Eventually the movie arrives at vague platitudes that can at best be described, to quote Jack Black in “High Fidelity,” as sentimental tacky crap, and are beyond disingenuous after the physical and emotional damage that has been wrought mere seconds before. There is a hot sauce called Satan’s Heinie and no awareness at all that these Midwesterners should be saying pop, not soda.
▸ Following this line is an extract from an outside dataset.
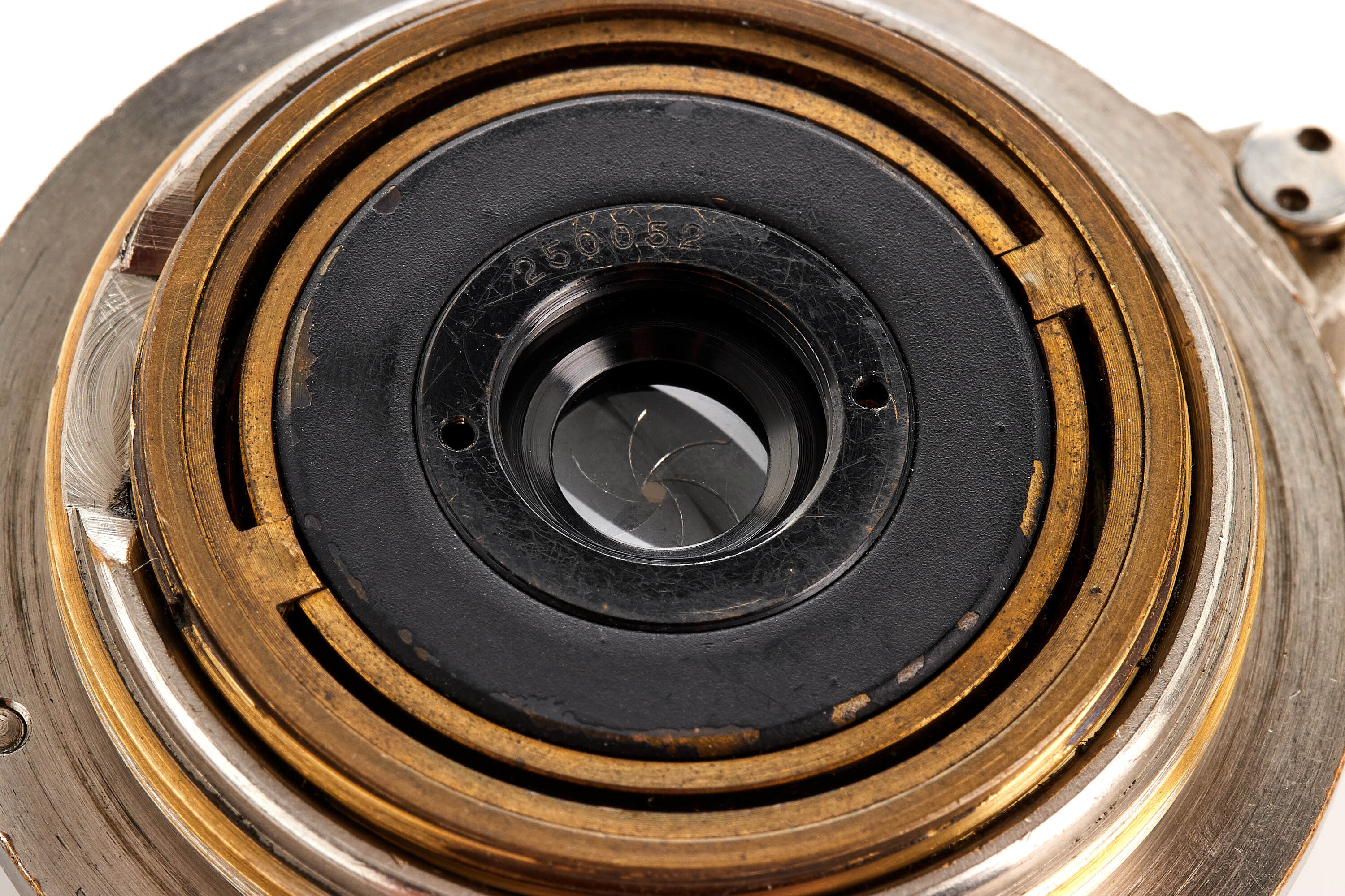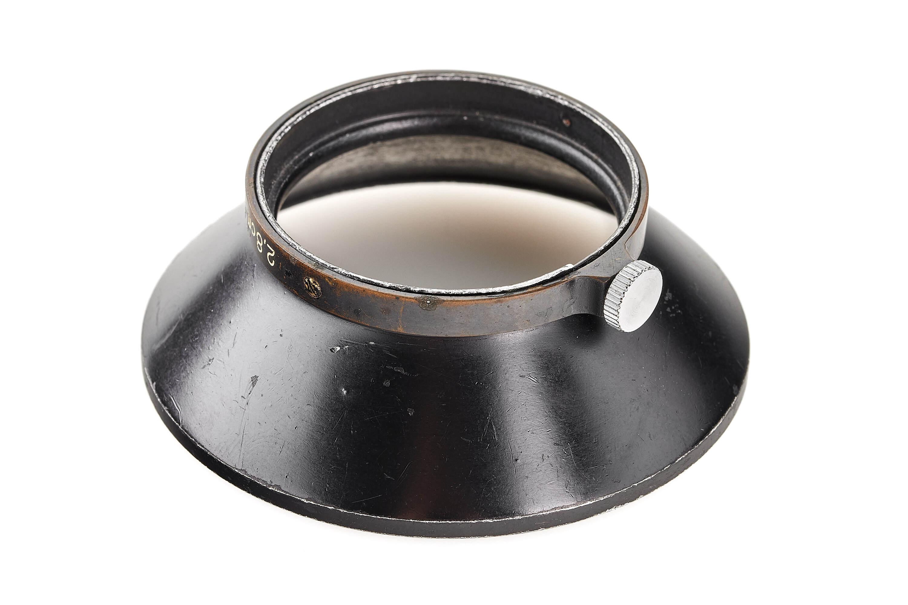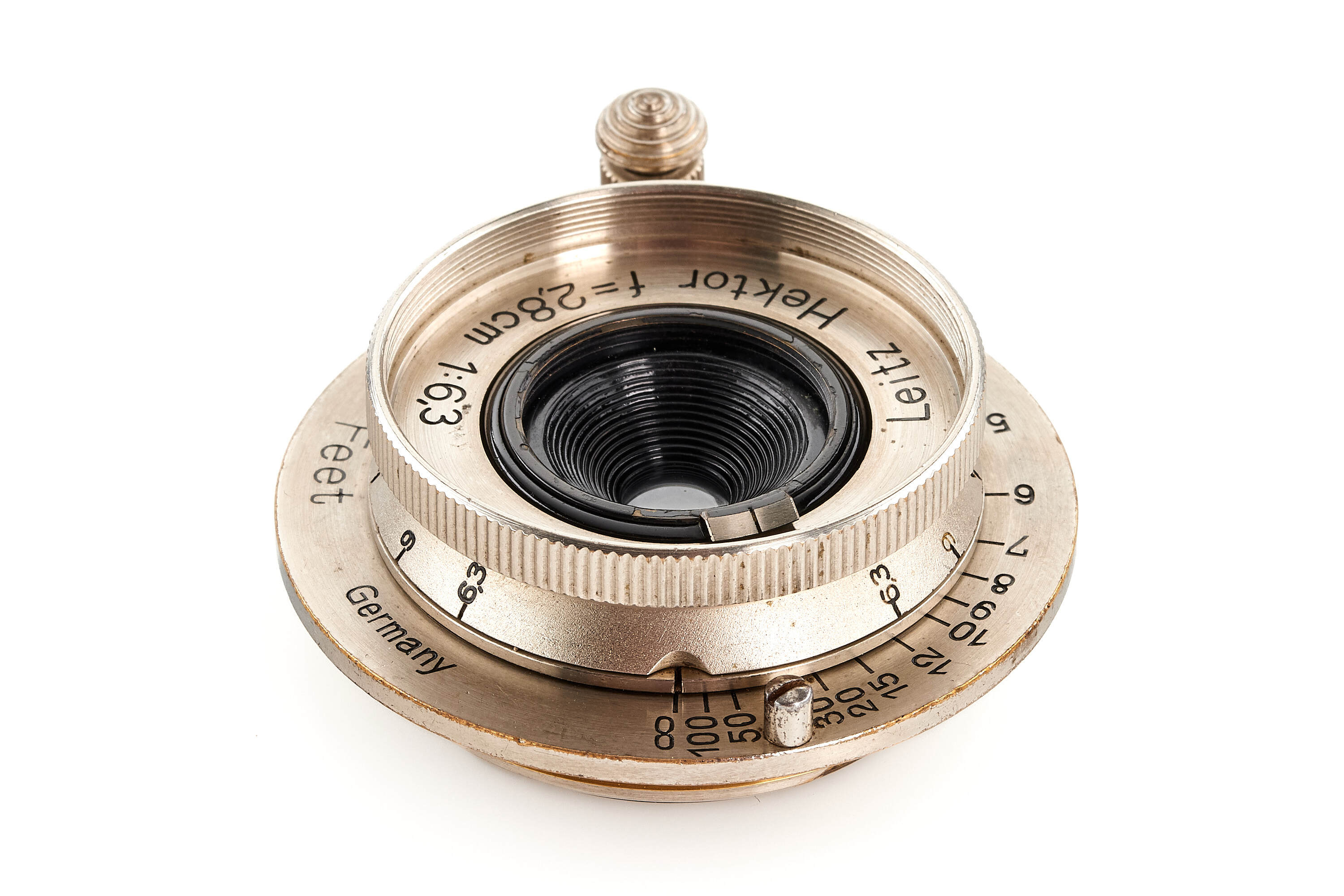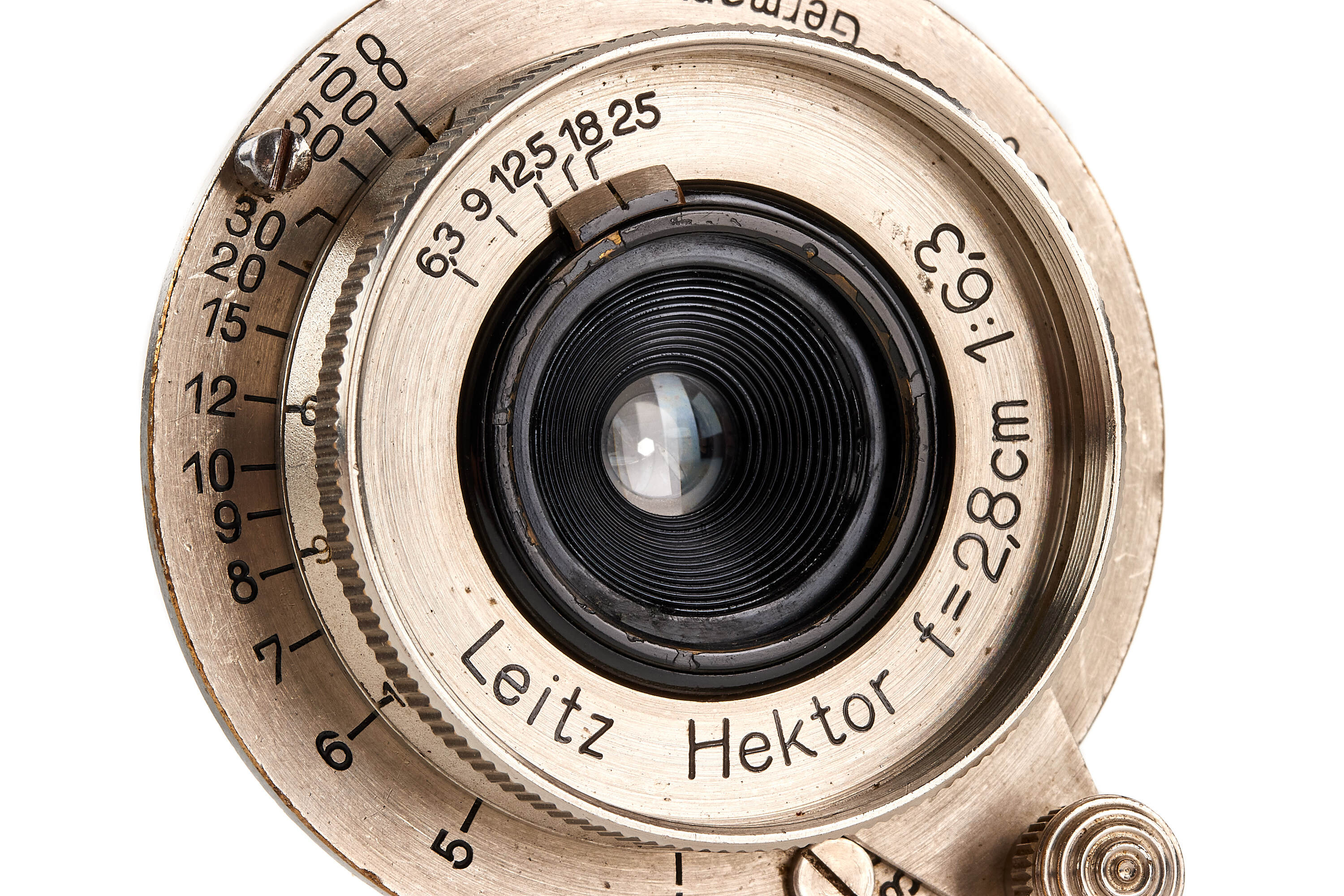 Very early and rare nickel version of the 2.8cm Hektor HOOPY, in feet scale, production starts with no.250001, in beautiful, almost mint condition, good optics only showing a few discrete cleaning marks, delivered on 26.07.1935 to London, with very rare matching SOOHN hood (cond. B+) and later plastic keeper.

There is an undercurrent of privilege, of people believing they deserve success while simultaneously proving that they don’t, capped off by the offensive notion of a magic solution to financial woes.
But maybe even worse than the flailing, broke couple set on fire and subjected to tacks and Legos and other forms of adolescent and adult torture, is the scene in which Max goes to a toy drive at a church, where items are being collected for children in need, and says, “Well, I’m definitely a child in need.” When told the toys are for kids who are less fortunate, he says, “I thought it was too good to be true,” only for Pam and Jeff’s son to eventually tell Max “Sounds like you deserve this [expensive water gun] as much as anybody.” Then a woman at the church takes the item from Max, thanking him for the donation, and he doesn’t correct her. But then she gives him the gun back when she mistakenly thinks his parents died two days ago.
It’s all a lead-up to when, having converted his house into an amateur battlefield with chilling success and detail, Max, powered by that hysterical misunderstanding about kidnapping and the super-soaker in his hands, holds the toy like a bloodthirsty ex-President and declares, “Locked and loaded.” Fittingly, “Home Sweet Home Alone” is like trying to capitalize on name recognition and winding up at Four Seasons Total Landscaping, but much, much less funny.